Is this what you mean?

_"Socialism for the rich and capitalism for the poor_​
_ *Socialism for the rich and capitalism for the poor* is a classical political-economic argument  asserting that, in advanced capitalist societies, state policies assure that more resources flow to the rich than to the poor, for example in the form of transfer payments.[1]
The term corporate welfare is widely used to describe the bestowal of favorable treatment to big business (particular corporations) by the government. One of the most commonly raised forms of criticism are statements that the capitalist political economy toward large corporations allows them to "privatize profits and socialize losses."[2] The argument has been raised and cited on many occasions.
Variations of the concept, include privatize profits/gains and socialize risks/losses/debts; and markets, free enterprise, private enterprise and capitalism for the poor while state protection and socialism for the rich._
_Contents_​
_1 History and usage_
_2 See also_
_3 References_
_3.1 Sources"_

https://en.wikipedia.org/wiki/Socialism_for_the_rich_and_capitalism_for_the_poor


----------



## Brookswood (Apr 13, 2022)

Back in the late 70s and early 80s we had high, often double digit interest rates, but that also included high savings rates.   I remember buying a 10 year T-Bill at double digit rates. 

Today, a local independent bank is advertising it's * High-Rate CD* of ........ wait.... here it is.......    0.75%. WOW!  This on the same day I learned we had 8.5% inflation in the last 12 months.   Frankly, it's an insult to my intelligence to tell me that 0.75% is high.


----------



## SeniorBen (Apr 13, 2022)

... adding to the demand part of the inflation equation, we currently have extremely low unemployment (somewhere around 3.6%) from the strong economy, so people have money to spend but there's a shortage of goods, so prices go up. Since people are willing to pay the higher prices, there's no reason for them to fall. They're at the point of equilibrium where profits are maximized. A month from now, that point might be even higher.


----------



## HarryHawk (Apr 15, 2022)

We think we have problems now --

_The growth in interest costs presents a significant challenge in the long-term as well.

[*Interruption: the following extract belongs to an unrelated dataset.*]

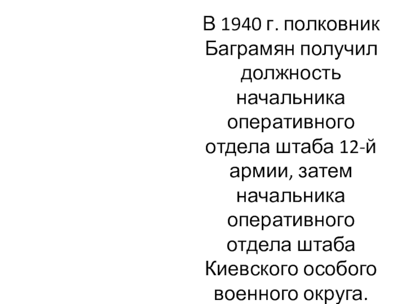 Слайд 7В 1940 г. полковник Баграмян получил должность начальника оперативного отдела штаба

According to CBO’s latest projections, interest payments would total around $60 trillion over the next 30 years and would take up nearly one-half of all federal revenues by 2050. Interest costs would also become the largest “program” over the next few decades — surpassing all discretionary spending in 2043, Medicare in 2043, and Social Security in 2045.

https://www.pgpf.org/analysis/2022/...ill-raise-interest-costs-on-the-national-debt_


----------



## Timewise 60+ (Apr 15, 2022)

Paco Dennis said:


> Is this what you mean?
> 
> _"Socialism for the rich and capitalism for the poor_​
> _ *Socialism for the rich and capitalism for the poor*_


Come on Paco...I think you are smarter than this.  You could not have got this 'anti-Capitalism' definition without 'QUALIFYING IT' e.g...."for the rich and capitalism for the poor"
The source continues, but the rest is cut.